The bill also includes top priorities for union leaders, such as stiff penalties for employers that block union organizing and collective bargaining.
Beyond those provisions is a weightier matter in coal country: whether to shore up a polluting power source or transition the Appalachian economy away from coal.
The bill includes industrial policies proposed by Mr. Manchin that would help wean the region away from fossil fuels, including $100 billion to aid manufacturers and $25 billion for advanced manufacturing outreach, with $4 billion of the outreach funding set aside for coal-mining regions. A tax credit for energy investments includes a generous additional subsidy for those investments that flow to communities with oil and gas workers, a closed coal mine or a shuttered coal-fired electricity generator.
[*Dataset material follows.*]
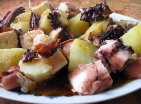 las papas las cocinaba junto con el pulpo. O sea, en la misma cacerola que el

For years, coal miners and operators alike looked skeptically at such efforts. Miners rallied to Donald J. Trump’s side in the 2016 campaign as he promised to bring their industry back, not replace it with clean energy. He did not keep that promise, and coal mining employment, which was at about 51,000 jobs when he took office, had fallen to a nadir of 39,000 by the time he was denied a second term.
Union mining jobs with good pay, pensions and health benefits have been replaced with low-wage work — if they have been replaced at all. The promise of renewable energy as a replacement has so far yielded little. Jobs installing solar panels or building wind turbines tend to disappear once a renewable energy facility is up and running, since such facilities require little ongoing labor.
Jason Walsh, the executive director of the BlueGreen Alliance, which has brought together labor and environmental groups to marshal support for initiatives like Mr. Biden’s domestic policy bill, said he did not fault miners for their doubts. But he pointed to active conversations about building a solar panel assembly plant in the Ohio Valley that would hire more than 2,000 union workers. Such projects could use a federal nudge.
“Build Back Better provides really the best opportunity for any industrial policy vision in these areas,” Mr. Walsh said.
It took a while, but last month, those arguments won over the unions of Mr. Manchin’s home state, which have long been the backbone of his political support. In its statement asking Mr. Manchin to return to negotiations, the state’s A.F.L.-C.I.O. chapter noted that the bill included his industrial policy legislation.
Biden’s Social Policy and Climate Bill at a Glance
The centerpiece of Biden’s domestic agenda. The sprawling $2.2 trillion spending bill aims to battle climate change, expand health care and bolster the social safety net. Here’s a look at some key provisions and how they might affect you:
The bill “would help workers, our families and the labor movement both across the country and right here in West Virginia,” the president of the labor group, Josh Sword, said in the statement.
The manufacturing provisions, in particular, have driven a wedge between coal miners and coal mine owners, who have been working hard to shore up Mr. Manchin’s opposition. The miners appear to have embraced the reality that coal is dying and they must look beyond it to survive, but their bosses do not see the end as inevitable.
Chris Hamilton, the president of the West Virginia Coal Association, which represents the owners, said coal employment would remain viable for years to come, and he accused the unions of “waving a white flag.” He also suggested they did not understand the damage that renewable energy incentives in the bill would do to what is left of coal.
“Frankly, we were shocked” when the unions endorsed the social policy and climate legislation, Mr. Hamilton said.
“We would have thought they’d have gone down swinging,” he added. “I don’t think we ought to be trading one job for another, particularly basic fossil energy jobs which are extremely well paid and carry benefits — and could last for another generation.”
Phil Smith, the United Mine Workers’ chief lobbyist, responded, “We’re still swinging, but we’re swinging in a smart way and in a way that will provide a real future for fossil energy workers in West Virginia and throughout the country.”
Union officials, speaking on the condition of anonymity to avoid angering mine owners, said Mr. Manchin should not be listening to the West Virginia Coal Association, which includes some of Mr. Trump’s staunchest supporters and switched allegiances in 2018 to back Mr. Manchin’s Republican challenger in that year’s election, Patrick Morrisey.
Such personal considerations should not be overlooked. The United Mine Workers made Mr. Manchin an honorary member in 2020 for his work securing pension, health and black lung benefits. At every turn, the senator notes that he lost an uncle, high school classmates, friends and neighbors in a 1968 explosion at a mine in Farmington, W.Va., that killed 78 miners.
And while Mr. Manchin has snapped at reporters in the Capitol shouting questions about Build Back Better negotiations, his spokeswoman, Sam Runyon, was effusive about his concern for mine workers.
“Senator Manchin has always been a strong advocate for the United Mine Workers of America and championed legislation to address the black lung excise tax expiration,” she said. “He will of course continue to work to shore up the black lung excise tax and address the needs of our brave miners.”